DVCS is Broken

While Git (and Mercurial) is a lifesaver when it comes to easily branching, tagging, and resolving merge conflicts, Subversion (and TFS and the like) is superior when it comes to sub-project management.

In one of my earliest projects, the file tree of my application was littered with files ending in [cci].1[/cci], [cci].2[/cci], [cci].old[/cci], etc.  Up til then I had been a solo developer learning how to program out of books, and none of those books said word 1 about version control.

Then I decided to publish a WordPress plugin, and had to buy a book on Subversion to make sense of the “how to publish a plugin” page in the Codex.[ref]The fact that I had to buy a book to understand allegedly “common sense” documentation shows either just how lacking our documentation is or just how green of a developer I was.  I’m still not sure which …[/ref]  This magical new version control system was amazing.

I quickly set up my desktop to act as a Subversion server and put all of my projects under version control.

DVCS

My next job finally took me to a company with multiple developers.  Among other things, this meant I finally had the benefit of peer code review, had colleagues off whom I could bounce ideas, finally had a reason to learn unit testing, and I ran head-first into the limitations of Subversion.

Namely, two of us, working on the same codebase, at the same time.
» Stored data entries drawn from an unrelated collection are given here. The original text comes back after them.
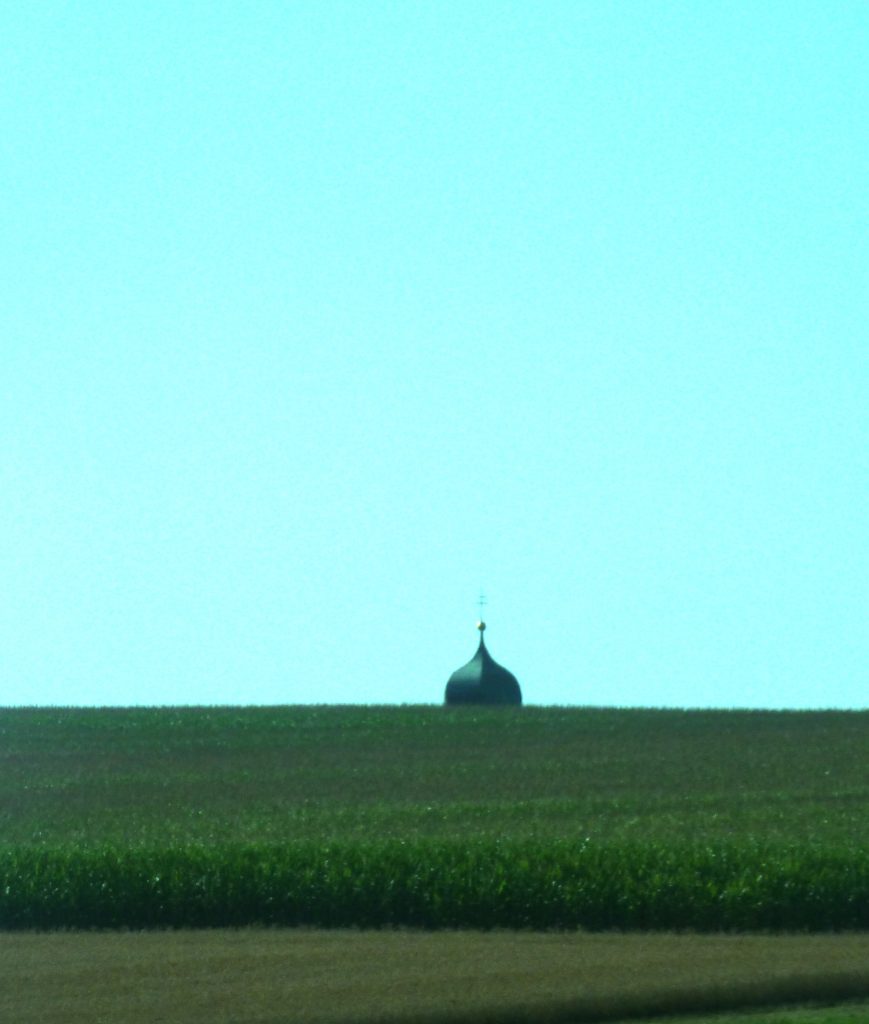 Lange Zeit bin ich mit dem Zug gependelt, bei jeder Fahrt, hin und zurück, fuhr der Zug kurz nach bzw. vor Hintertupfingen jedesmal an einer langgezogenen Anhöhe vorbei und jedesmal tauchte dort, hinter dem Hügel, auf einmal die Zwiebel eines Kirchturms auf:
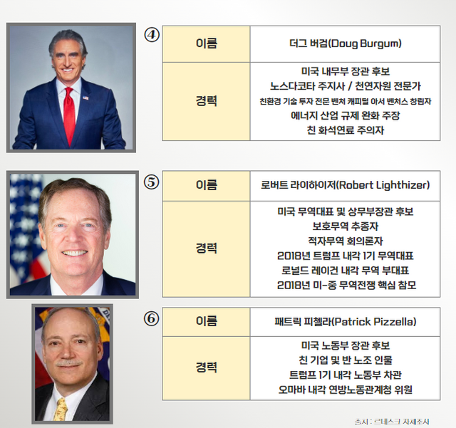 전문가들은 트럼프만큼이나 내각 인물들을 주시할 필요가 있다고 말한다. 재계관계자는 "무역대표나 상무부, 재무부 장관 등은 트럼프만큼 국내 산업계에 영향력을 행사할 수 있다"고 설명했다.
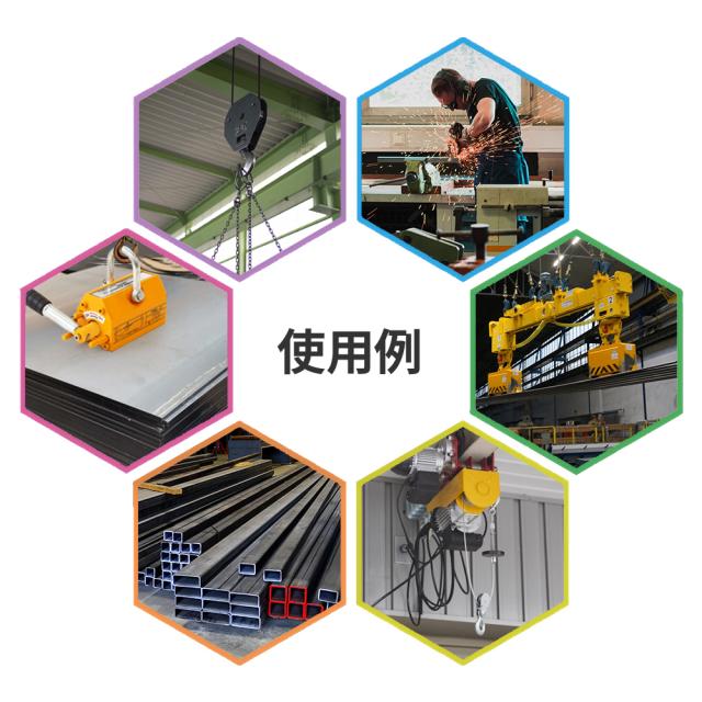 ●使用条件および使用方法によって吊上重量は異なりますので、表記の吊上重量が全ての使用環境において保証されるとは限りません。慎重に確認しながらご使用頂ください。不適切な使用による事故および損害に関しては当社では一切の保証を致しかねます。
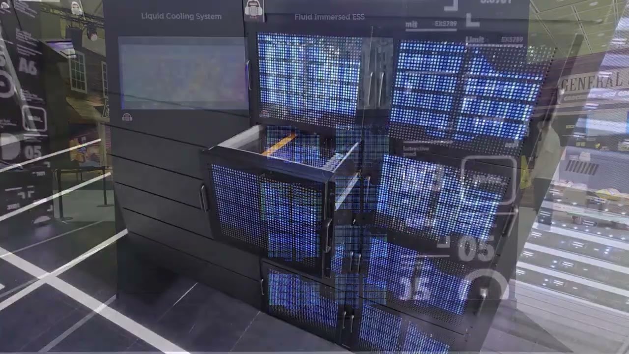 AI데이터 센터를 형상화한 AIDC코너의 대형 LED 미디어월과 액침냉각 기술 소개 전시콘텐츠,
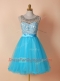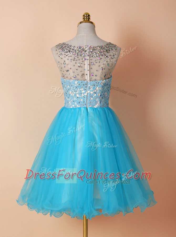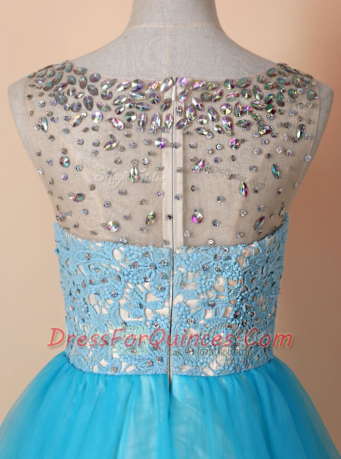 Romantic Scoop Knee Length Blue Prom Party Dress Tulle Sleeveless Beading and Lace
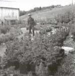 Black and white photographic print showing a man standing in the middle of a tree nursery with work clothes and cowboy hat. He carries two small cans containing fir trees and is walking along a path through the nursery with trees in the early stage of growth in larger containers. A structure of wood is in the background to the left and the hillside at the top of the picture is fenced in. Some trees are growing along the split rail fence in back of the man and at the top of the hill other trees are already established and growing.Collection
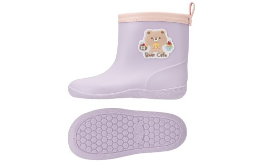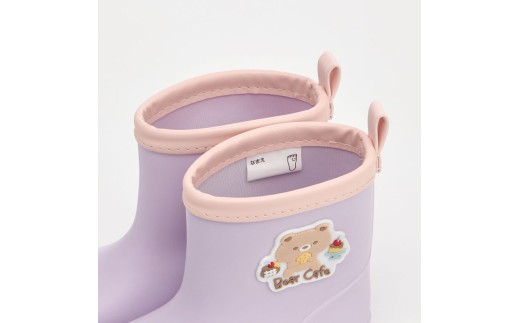 - ワッペン 付き レインブーツ【16cm】 長靴 キッズ 子供 おしゃれ かわいい スケーター skater Bear Cafe クマ くま 紫 パープル【反射テープ付き ながぐつ 雨具 雨の日】 奈良県 奈良市 なら 5-109
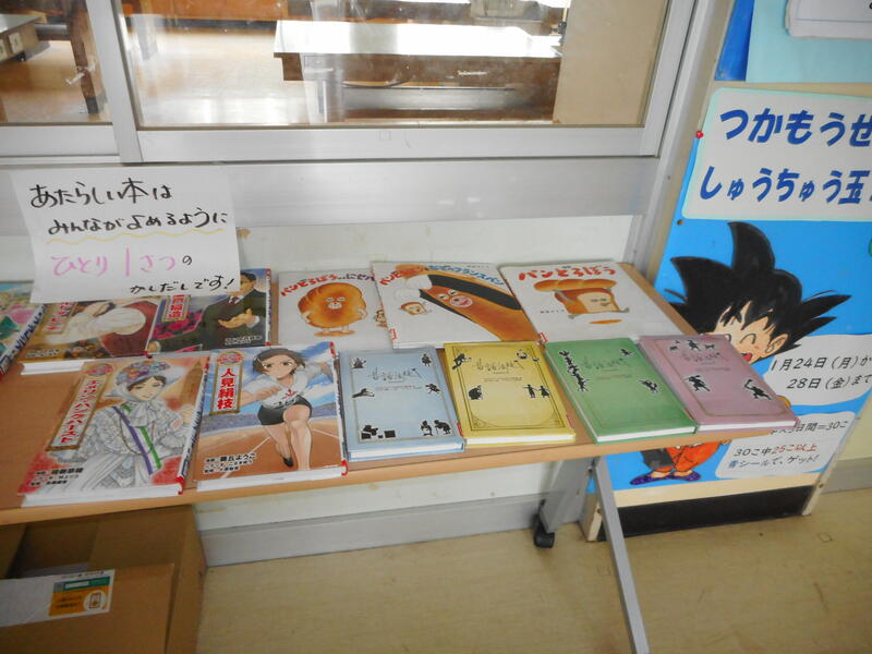 本年度PTAで話し合い、「子供たちのためになる使い方をしよう」ということで、本を買っていただきました。
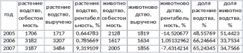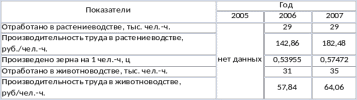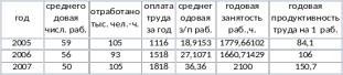 По данным табл. 3 и 4, произошло сокращение среднегодовой численности работников на 15%, а также увеличение затрат труда в животноводстве, вследствие чего годовая занятость работников возросла на 18%, а среднегодовая з/п на 92,2%. В то же время, производительность труда в растениеводстве в 2007 г. превышала производительность труда в животноводстве в 2,85 раза. Эффективность труда в производстве зерна возросла на 6,5%, а годовая продуктивность труда на 79,2%.

Subversion was a nightmare!  I spent more hours each day reconciling code conflicts than I did actually writing code.  Had we been working on separate projects in the same repository, things would have been fine.  Unfortunately we were working in a world where I was committing unit tests in parallel with him updating the base API of the project.  Changing a single variable name (i.e. to fix a typo) at the top of a file often resulted in Subversion flagging every other line in the file as a conflict.
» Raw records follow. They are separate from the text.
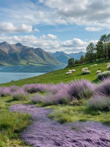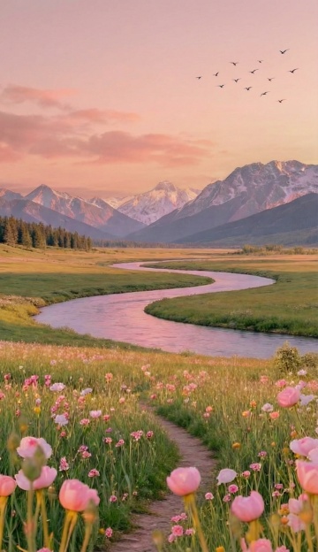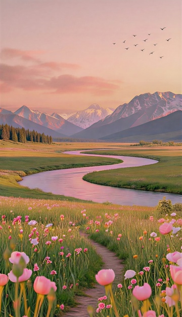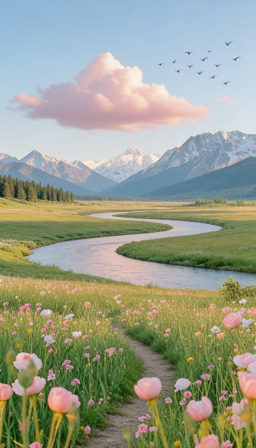 全景镜头,晨曦微露时分的山谷秘境,薄雾如轻纱般在翡翠色的草甸上流动,蜿蜒的银色溪流如时间的脉络穿行其间,两岸点缀着露珠闪烁的白色小花,远处靛青色的山峦轮廓在紫粉色的朝霞中若隐若现,水面倒影与实景交织成梦幻的双重世界,空气中弥漫着湿润的草木气息,光线柔和得如同被滤过一般,细节丰富的3D渲染质感中透着水彩画般的诗意朦胧,整体色调呈现出青绿色与玫瑰金的渐变融合,营造出神秘而又充满希望的黎明之境。
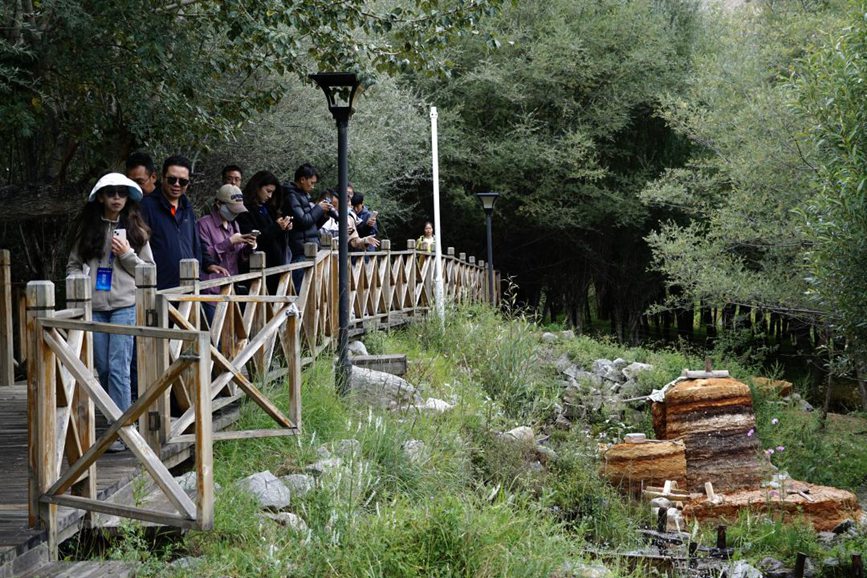 Tourists visit the watermill corridor, a scenic spot in Nyemo county, Lhasa city, southwest China's Xizang Autonomous Region. (Photo/People's Daily Online)
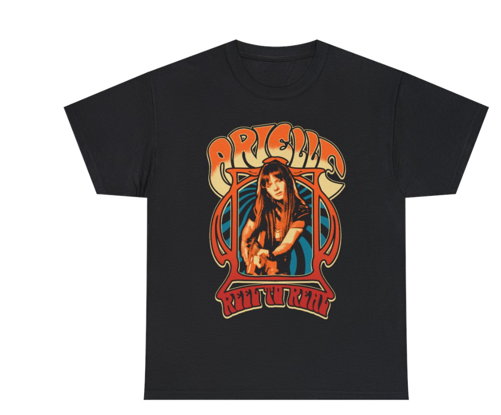 Introducing the "Timeless Riffs" Tee, a limited edition gem that's as unique and vibrant as the album it celebrates: REEL TO REAL. This isn't just another addition to your wardrobe; it's a statement piece that resonates with the warm, rich sounds of analog music and the captivating color palette of the 1960s.

We took a few weeks to find a better way, and eventually converted all of our projects to Mercurial.[ref]We wrote off Git since too many developers at the time – and still – thought Git was synonymous with GitHub and our boss was adamantly against anything resembling open source.  Using Mercurial made the “hey boss, we need 2 days to do nothing but migrate our repository and update the server” conversation easier.[/ref]
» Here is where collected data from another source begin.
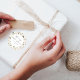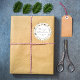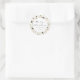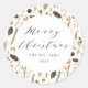 Um adesivo na moda de Natal moderno e elegante com uma delicada citação suave "Feliz Natal" e textos personalizados em círculo branco simples. O seu fundo é um padrão de bolo de aquarelas botânico, folhagem, pínus cones, pinheiros, bagas e algodão, dando uma vibração aconchegante e víbora de cabana de cabana.
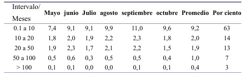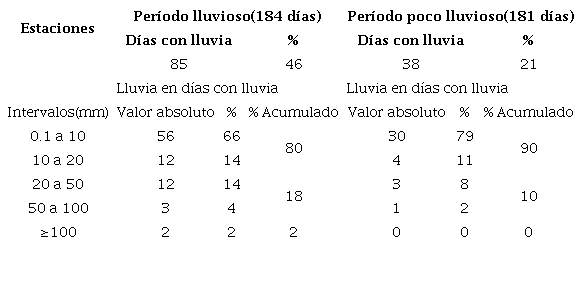 Se obtuvo el mayor por ciento promedios de días con lluvia en el intervalo de 0,1 a 10 mm, con un 63% aproximadamente. Los meses de agosto y septiembre están por encima de estos valores, mientras que mayo tiene el menor valor. Los intervalos de 10 a 20 mm y de 20 a 50 mm tienen menor porcentaje de días con lluvia con respecto al primer intervalo, con 14% y 13% respectivamente. En cuanto a los días con lluvia de 50 a 100 mm el por ciento es de 7%, pero los meses julio, agosto y octubre se mantienen por debajo de esta cifra. Sin embargo, para los días con lluvia >100 mm el promedio es 3%, aproximadamente, es decir que el 97% de días con lluvia promedio se encuentra en el rango de 0,1 a 100 mm. Esto indica que, a pesar de mayor cantidad de días con lluvia el acumulado de precipitaciones no es óptimo, es decir, mayor intensidad no coincide con mayor frecuencia (Tabla 3).
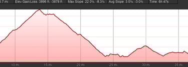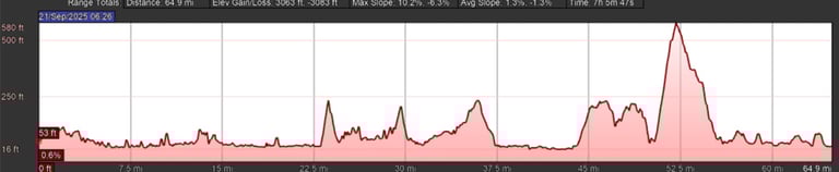 Distance 65.7 miles: Total Ascent = 968 m (3,175 ft)*
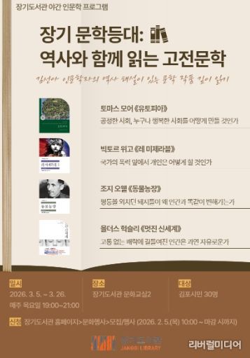 [리버럴미디어=공소리 기자] 김포시 장기도서관은 야간 인문학 프로그램 ‘장기 문학등대: 역사와 함께 읽는 고전문학’을 오는 3월 5일부터 3월 26일까지 매주 목요일 저녁 7시에 장기도서관 문화교실2에서 운영한다고 밝혔다.
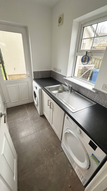 Tiled floor, high and low level storage units. Plumbed for washing machine and space for a tumble drier. Stainless steel sink and drainer unit. Access to rear garden.

Using Mercurial was also the first time I experienced subrepos.  Our multiple projects shared a handful of libraries; rather than schism our work, we placed the libraries into their own repositories and just referenced them as submodules in our main project repositories.  Everything was fine – until another developers’ API changes resulted in a necessary update to a submodule.

Keeping track of releases using tags was the only way we could make sense of the differences in our submodules, but it was still a nightmare since our bundled libraries were so closely related and all under active development.

Multi-Project

Fast forward a bit and I returned to the world of open source.  In the WordPress world, many of us use Subversion for deployment and Git for active development.  This is fine in theory, but breaks down in a handful of cases:

  1. When deployment is needed, via Subversion, to multiple endpoints (i.e. staging and production)
  2. When a Git repo becomes so large it needs to be segmented out into multiple subrepos that may or may not remain in-sync with their Subversion deployment

The other day, I needed to add a library I maintain to someone else’s project repository.  Typically, I’d just add a Git remote to my own repo, then push to their remote.  Except … their entire server infrastructure (configuration, server applications, library extensions, etc) was all contained within a single repository.

To add my code, I needed to clone their entire repository, check my project out in the appropriate subfolder, and push my changes back to the parent.

In a Subversion world, I could have just checked out the appropriate directory, inserted my code, and checked that directory back in.  Much smoother, and much less clutter on my local machine with a 200MB project just so I can add a 300KB library.

While Git (and Mercurial) is a lifesaver when it comes to easily branching, tagging, and resolving merge conflicts, Subversion (and TFS and the like) is superior when it comes to sub-project management.

Is having the best of both worlds too much to ask?  In my opinion, distributed version control systems (like Git) are just as broken as centralized repositories (like Subversion), even though the ways in which they are broken are very different.